> ASSIGNED TASK
Output the entries below unchanged, except for the pictures.

[Opening EXERCISE INPUT section]

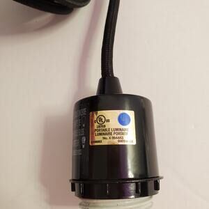 Black. Plug into wall socket. Add any lampshade you want. Not included. 15 ft.
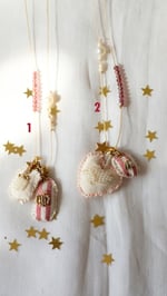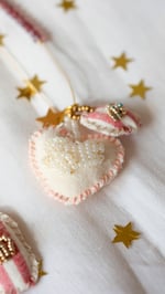 - pendente in tessuto panna, a forma di cuore, con applicazione di perline, ricamo a mano
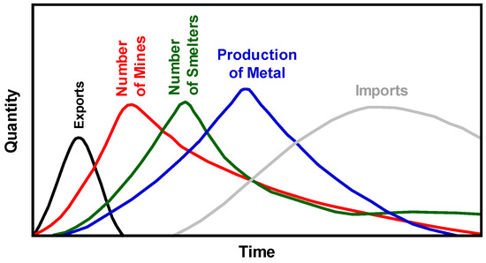 A way of visualising the ‘finite’ nature of metal and mineral resources was published by Hewett [6]. Hewett noted that the typical pattern of mining across Europe and the USA, shown in Figure 1, started with a rapid rise in exports, followed closely by an increasing number of mines and smelters, which reach a peak and then decline. Total production also rises to a peak and then declines, eventually meaning demand is met by imports instead. Mining was influenced primarily by geology, technology, economics and political factors. The overall rise-and-fall pattern was controlled by the finite size of mineable metal deposits as much as market prices versus mining costs, technological options and socio-political issues such as wars, labour and legal or governance aspects (especially government vs. private ownership, itself a complex quagmire to unravel).
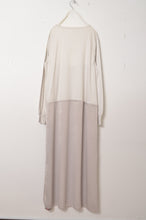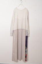 60/1コットンスムースのL/S Tにベルベットライクなスウェーディサテンを切り替えたロングワンピース。
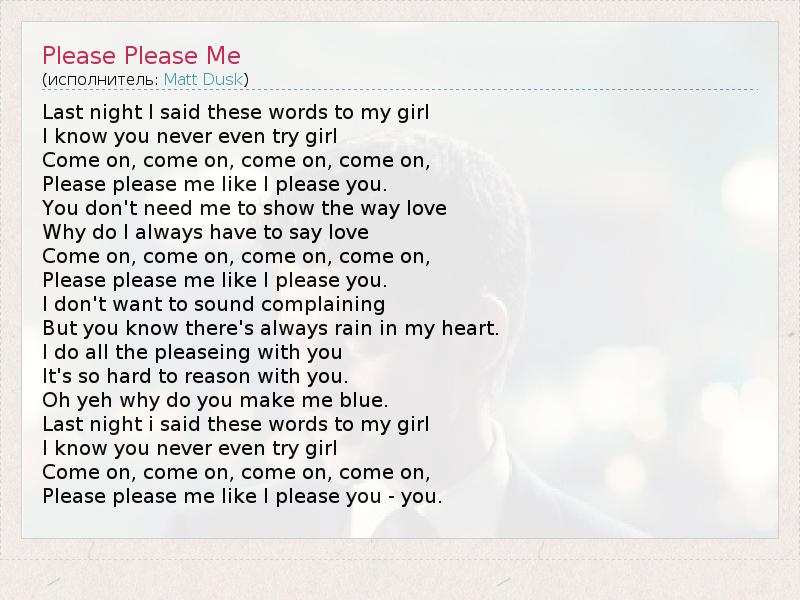 Last night I said these words to my girl I know you never even try girl Come on, come on, come on, come on, Please please me like I please you. You don't need me to show the way love Why do I always have to say love Come on, come on, come on, come on, Please please me like I please you. I don't want to sound complaining But you know there's always rain in my heart. I do all the pleaseing with you It's so hard to reason with you. Oh yeh why do you make me blue. Last night i said these words to my girl I know you never even try girl Come on, come on, come on, come on, Please please me like I please you - you.
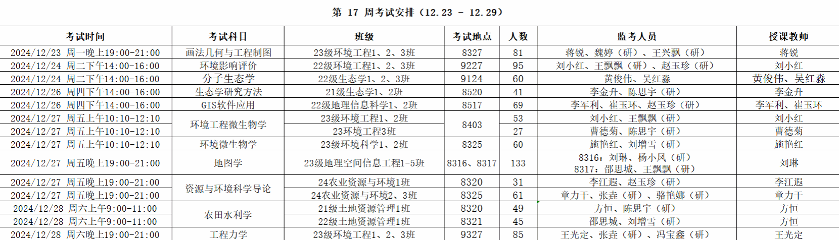 资环学院2024-2025-1第17周考试安排.xlsx
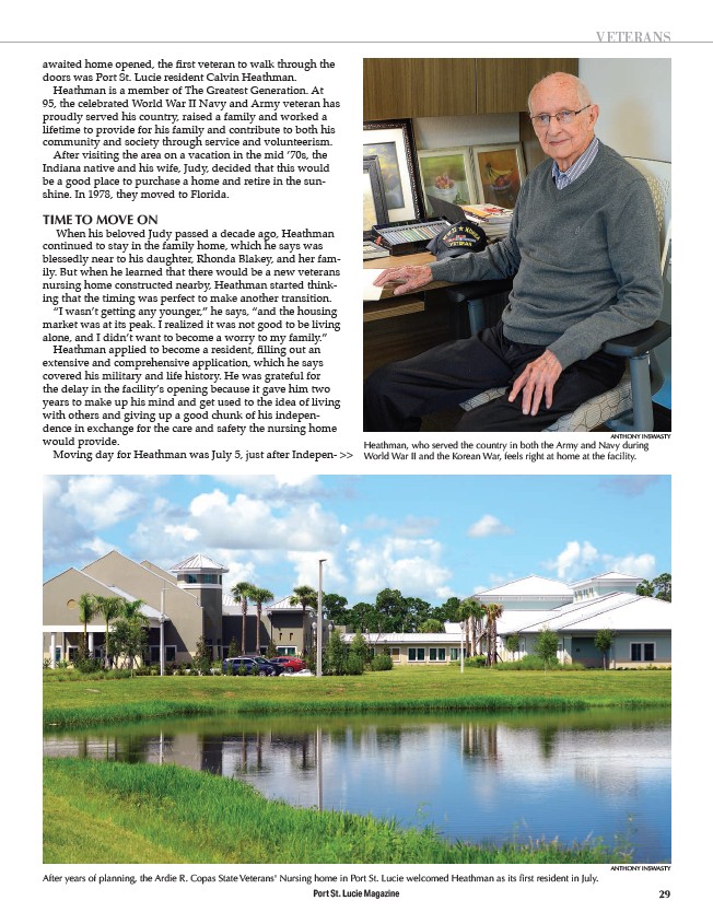 After years of planning, the Ardie R. Copas State Veterans' Nursing home in Port St. Lucie welcomed Heathman as its first resident in July.
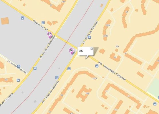 - Адрес: ул. Бальзака / ул. Сабурова 01 - светофор, трасп. развязка в напр. к пр. Маяковского, на авт. остановке
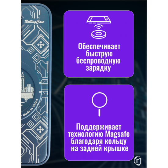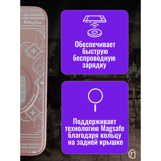 Магнитный чехол «RollingCase» для iPhone 14 Plus сочетает элегантный дизайн и передовые технологии. Идеальное решение для тех, кто ценит надежность и эстетику — теперь ваше устройство защищено от ударов, а его внешний вид дополнен уникальным графическим узором.
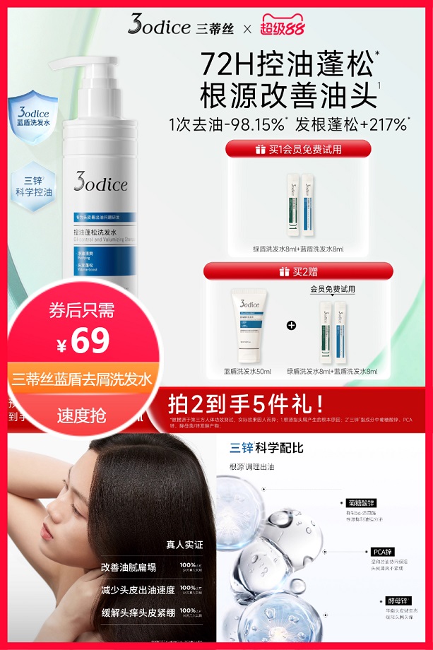 官方立减20元+券10元+点击右上角三个点进入淘金币省10.89元+首单4元后约54.11元,会员免费试用绿盾洗发水8ml+蓝盾洗发水8ml,三锌科学配比,根源改善油头,72H控油蓬松,还您头发清爽!
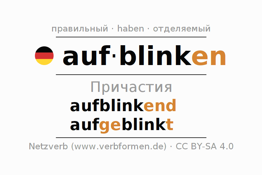 Формами причастия aufblinken (мигать, блеснуть) являются: {PARTIZIP 1}, {PARTIZIP 2}
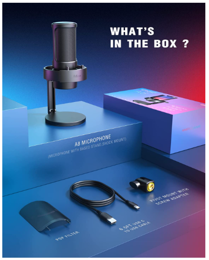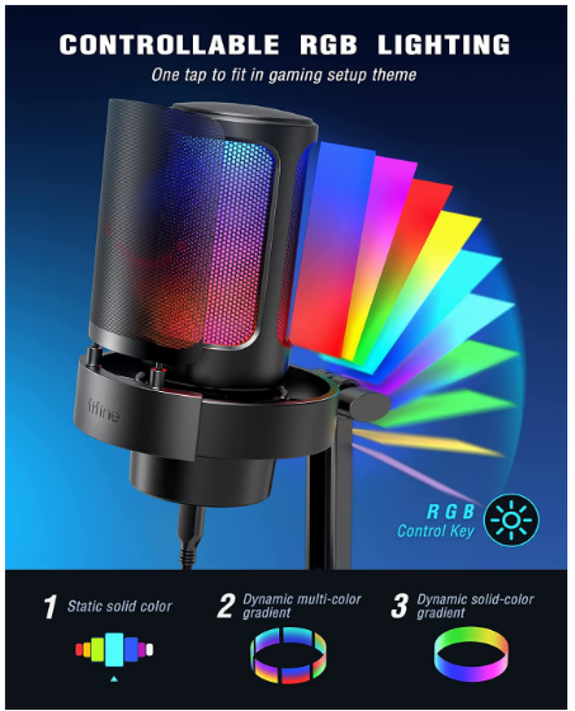 FIFINE AmpliGame A8 - відмінний мікрофон для стрімінгу та геймінгу з RGB підсвічуванням, приголомшливим звучанням та технологією Plug&Play. Довгоочікуване додавання type-c, який зручно використовувати, полегшує роботу з пристроєм.
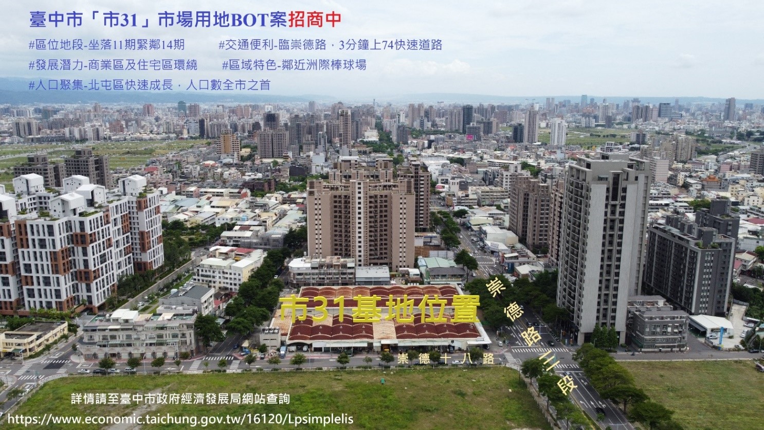 「市31」BOT案今起公告70天,申請至109年9月22日止,投資人可至經發局租賃、出售、促參案等招標公告專區( https://www.economic.taichung.gov.tw/16120/Lpsimplelist )或「財政部推動促參司民間參與公共建設網際網路首頁投資資訊專區」下載招商文件。

[Closing EXERCISE INPUT section]

> SOLUTION BELOW
 Black. Plug into wall socket. Add any lampshade you want. Not included. 15 ft.
 - pendente in tessuto panna, a forma di cuore, con applicazione di perline, ricamo a mano
 A way of visualising the ‘finite’ nature of metal and mineral resources was published by Hewett [6]. Hewett noted that the typical pattern of mining across Europe and the USA, shown in Figure 1, started with a rapid rise in exports, followed closely by an increasing number of mines and smelters, which reach a peak and then decline. Total production also rises to a peak and then declines, eventually meaning demand is met by imports instead. Mining was influenced primarily by geology, technology, economics and political factors. The overall rise-and-fall pattern was controlled by the finite size of mineable metal deposits as much as market prices versus mining costs, technological options and socio-political issues such as wars, labour and legal or governance aspects (especially government vs. private ownership, itself a complex quagmire to unravel).
 60/1コットンスムースのL/S Tにベルベットライクなスウェーディサテンを切り替えたロングワンピース。
 Last night I said these words to my girl I know you never even try girl Come on, come on, come on, come on, Please please me like I please you. You don't need me to show the way love Why do I always have to say love Come on, come on, come on, come on, Please please me like I please you. I don't want to sound complaining But you know there's always rain in my heart. I do all the pleaseing with you It's so hard to reason with you. Oh yeh why do you make me blue. Last night i said these words to my girl I know you never even try girl Come on, come on, come on, come on, Please please me like I please you - you.
 资环学院2024-2025-1第17周考试安排.xlsx
 After years of planning, the Ardie R. Copas State Veterans' Nursing home in Port St. Lucie welcomed Heathman as its first resident in July.
 - Адрес: ул. Бальзака / ул. Сабурова 01 - светофор, трасп. развязка в напр. к пр. Маяковского, на авт. остановке
 Магнитный чехол «RollingCase» для iPhone 14 Plus сочетает элегантный дизайн и передовые технологии. Идеальное решение для тех, кто ценит надежность и эстетику — теперь ваше устройство защищено от ударов, а его внешний вид дополнен уникальным графическим узором.
 官方立减20元+券10元+点击右上角三个点进入淘金币省10.89元+首单4元后约54.11元,会员免费试用绿盾洗发水8ml+蓝盾洗发水8ml,三锌科学配比,根源改善油头,72H控油蓬松,还您头发清爽!
 Формами причастия aufblinken (мигать, блеснуть) являются: {PARTIZIP 1}, {PARTIZIP 2}
 FIFINE AmpliGame A8 - відмінний мікрофон для стрімінгу та геймінгу з RGB підсвічуванням, приголомшливим звучанням та технологією Plug&Play. Довгоочікуване додавання type-c, який зручно використовувати, полегшує роботу з пристроєм.
 「市31」BOT案今起公告70天,申請至109年9月22日止,投資人可至經發局租賃、出售、促參案等招標公告專區( https://www.economic.taichung.gov.tw/16120/Lpsimplelist )或「財政部推動促參司民間參與公共建設網際網路首頁投資資訊專區」下載招商文件。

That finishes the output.